Aveugle à 3 ans, il fit néanmoins de brillantes études au Caire et à la Sorbonne (il obtint, en 1917, un doctorat sur Ibn Khaldûn). Professeur (1925) puis doyen (1935) de la faculté des lettres du Caire, ministre de l'Éducation (1950-1952), directeur du département culturel de la Ligue arabe (1955), président de l'Institut d'Égypte (1963), président de l'Académie du Caire (1963), surnommé « 'Amîd al-adab al-'arab (Doyen des Lettres arabes), il est l'un des écrivains arabes les plus renommés. Sa critique des idées reçues lui valut d'être souvent controversé : Fî l-chi'r al-jâhilî, « la Poésie antéislamique » (1926), qui mettait en cause l'authenticité de cette poésie, provoqua des remous au Sénat et chez les ulémas et le fit radier un temps de l'Université. S'attachant aux poètes originaires du sud de l'Arabie, Imru' al-Qays entre autres, que la tradition rattache à Kinda, il y relève que son parler, pas plus que celui des autres poètes, n'offre de différence significative avec celui du Coran, où la tradition retrouve l'idiome des Quraych. Ignorant l'hypothèse d'une koïnè, ou parler commun spécialisé dans telle ou telle fonction, en l'espèce dans la fonction poétique, il considère le gros des poèmes djahilites comme interpolés. Dans le cas d'Imru' al-Qays, le « roi errant », il ramène son histoire légendaire à des événements de l'époque omeyyade, dont Ibn al-Ach'ath, personnage historique, fut alors le héros. Ce transport à la poésie arabe la plus ancienne de l'hypercritique qui domina un certain temps en Europe la « question homérique » vaut surtout par son ingéniosité. La principale contribution de Tâhâ Husayn réside dans son évocation d'un premier essor culturel de l'Arabie du Nord-Est, un siècle avant le Coran. Son attaque contre les valeurs reçues souleva la réaction du conservatisme religieux, politique et culturel. Il eut beau adoucir sa thèse dans une réédition au titre modifié (Fî l-adab al-jâhilî [De la littérature préislamique]), il n'évita pas une polémique à laquelle participèrent notamment Khidr Husayn, Mustafâ Sâdiq al-Rafi'î et Lutfî Jum'a. Le Parlement lui-même s'en émut et l'auteur en aurait gravement pâti dans sa carrière sans la protection des libéraux-constitutionnels et de leur président 'Adli Yeken.

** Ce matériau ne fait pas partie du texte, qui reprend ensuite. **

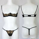 【NO BRAND】ブラック&ゴールド刺繍 セクシーランジェリー セット 28478 <クロッチオープン オープンバスト コスプレ 過激 ガーターベルト>

Tâhâ Husayn est l'auteur d'une remarquable autobiographie en trois volumes (le Livre des jours, 1929-1967), de romans (l'Appel du courlis, 1934 ; Adîb, 1935) et de nouvelles marqués par ses préoccupations sociales (les Persécutés de la terre, 1949), d'essais (Causeries du mercredi, 1926 ; Hafiz et Chawqi, 1933), de relations de voyages (En été, 1933 ; Voyage de printemps, 1948) et d'ouvrages renouvelant la pensée islamique.